The first instance to obtain the lock is allowed to proceed, all others wait. This has
the benefit of preventing concurrent migrations if services are scaled. An alternative
to a dedicated collection is to use the database version collection -- if the
expected database version exists but the timestamp is missing, then that means a
migration is already underway.

After preventing simultaneous migrations, we need to optimize how other instances
operate while a migration is underway and consider how to handle read and
write requests. One way would be to accept some downtime and
block service instances until the migration is complete. This might be a
sufficient initial solution because database sizes are small enough that migrations will
be completed quickly. If we have to eliminate downtime, we could perform shadow
migrations and write the results to temporary collections while the old service
version continues to handle requests.

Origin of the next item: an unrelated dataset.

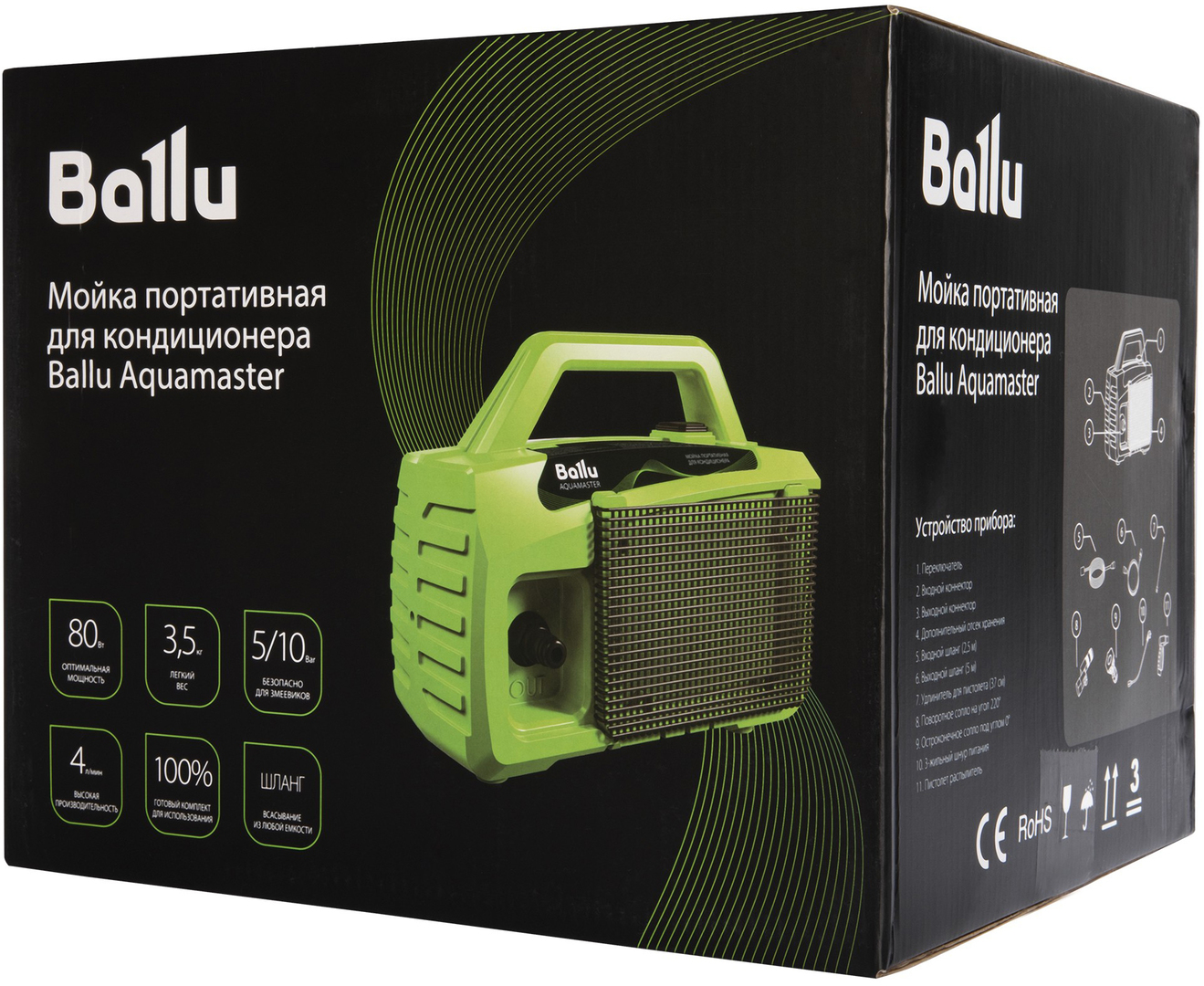 Мойка для сплит-систем Ballu (Баллу) Aquamaster обеспечивает быструю и эффективную очистку змеевиков в системах с кондиционерами. Для правильного обслуживания применяется специальный набор химии, который будет зависеть от хладагента. Комплект изделия полностью подготовлен для удобной транспортировки и хранения.

When the migration is complete, the old service
can be taken offline and the collections swapped out. That's a little more complex.

### Reverse Migrations

There might be some situation where we need to apply the reverse of a migration.
If DB version 5 is applied, but we later find that we should have stayed with version 4,
then we need to move to version 6. Version 6 is not treated as some special 'undo'
version increment; the migration logic merely happens to move the data to the same
structure contained in version 4.

### Migration Structure

![Migration structure](./images/db%20migrations%20white%20bg.png)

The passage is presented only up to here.